*Your assignment*
Print, exactly as they stand, the lines below from the one that has "Рыболов Маркет по" to the one that has "6月23日,由中国邮政集团有", inclusive, leaving out the pictures.

*Records for processing*

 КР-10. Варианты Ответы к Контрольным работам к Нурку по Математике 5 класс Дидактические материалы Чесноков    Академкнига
...
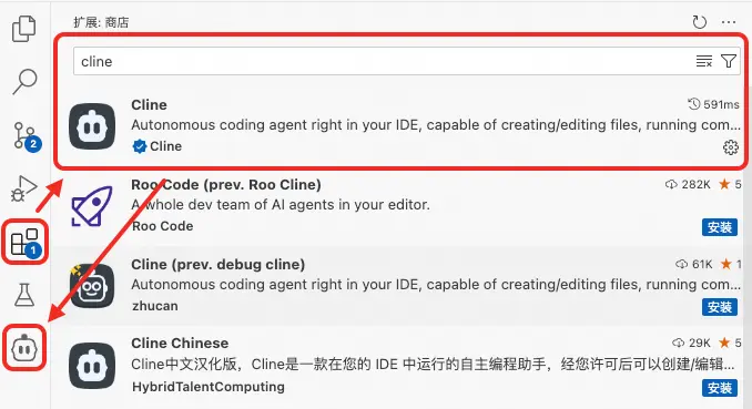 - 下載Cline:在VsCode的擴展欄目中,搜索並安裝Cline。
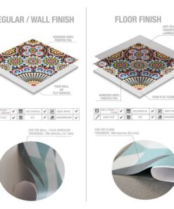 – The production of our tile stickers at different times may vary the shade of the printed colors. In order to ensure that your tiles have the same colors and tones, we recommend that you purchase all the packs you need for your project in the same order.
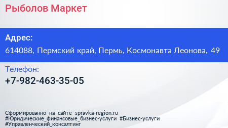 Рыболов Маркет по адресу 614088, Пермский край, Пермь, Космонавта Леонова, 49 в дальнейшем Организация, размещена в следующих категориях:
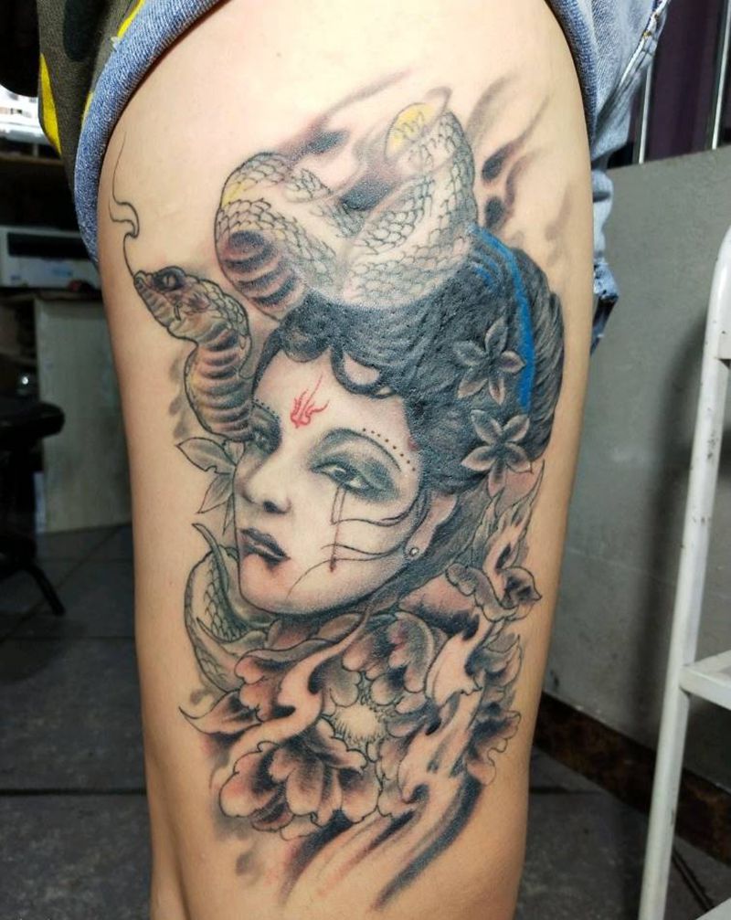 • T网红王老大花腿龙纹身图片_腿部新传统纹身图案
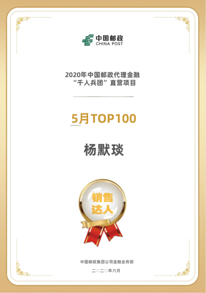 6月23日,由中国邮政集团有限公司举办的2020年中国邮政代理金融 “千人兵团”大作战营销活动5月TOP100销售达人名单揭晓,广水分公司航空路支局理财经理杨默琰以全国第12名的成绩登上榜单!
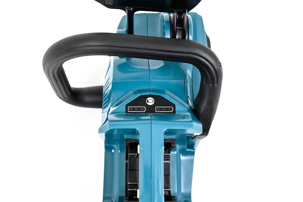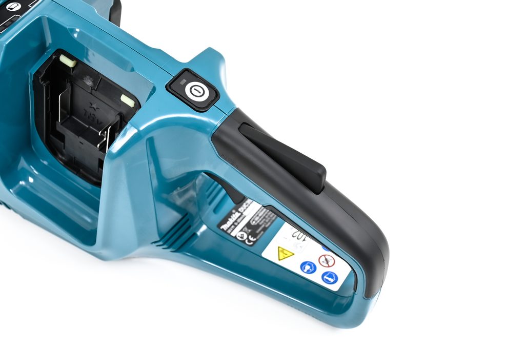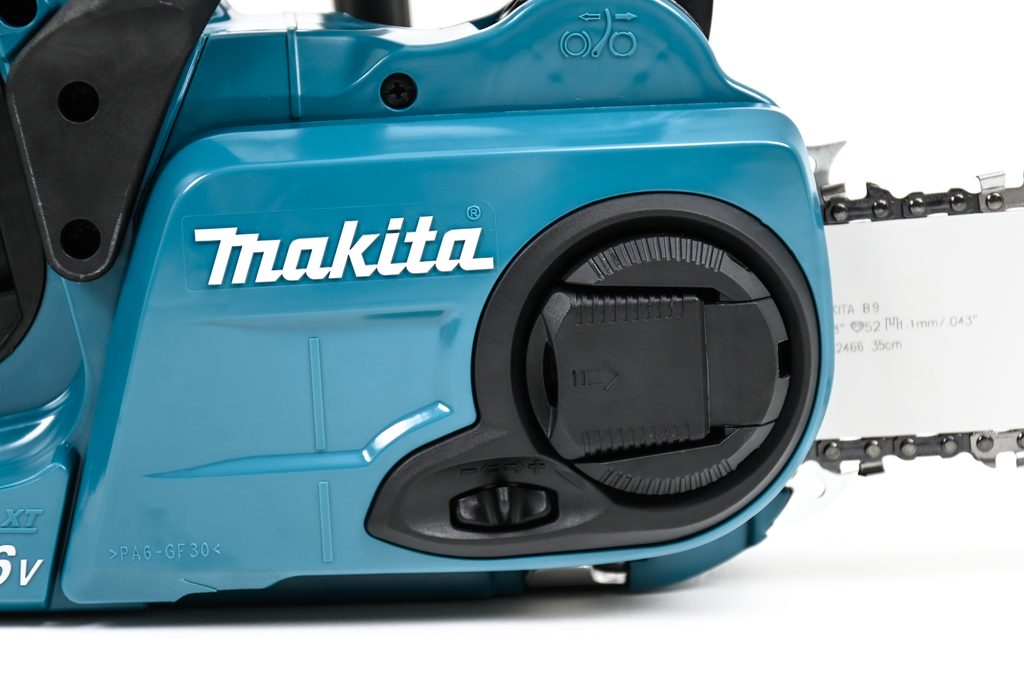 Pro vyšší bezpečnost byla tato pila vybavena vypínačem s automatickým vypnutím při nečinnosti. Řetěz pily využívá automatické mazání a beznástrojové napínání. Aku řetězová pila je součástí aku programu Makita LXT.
--
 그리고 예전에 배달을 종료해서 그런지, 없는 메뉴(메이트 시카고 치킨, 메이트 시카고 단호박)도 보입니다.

*Completed task*
 Рыболов Маркет по адресу 614088, Пермский край, Пермь, Космонавта Леонова, 49 в дальнейшем Организация, размещена в следующих категориях:
 • T网红王老大花腿龙纹身图片_腿部新传统纹身图案
 6月23日,由中国邮政集团有限公司举办的2020年中国邮政代理金融 “千人兵团”大作战营销活动5月TOP100销售达人名单揭晓,广水分公司航空路支局理财经理杨默琰以全国第12名的成绩登上榜单!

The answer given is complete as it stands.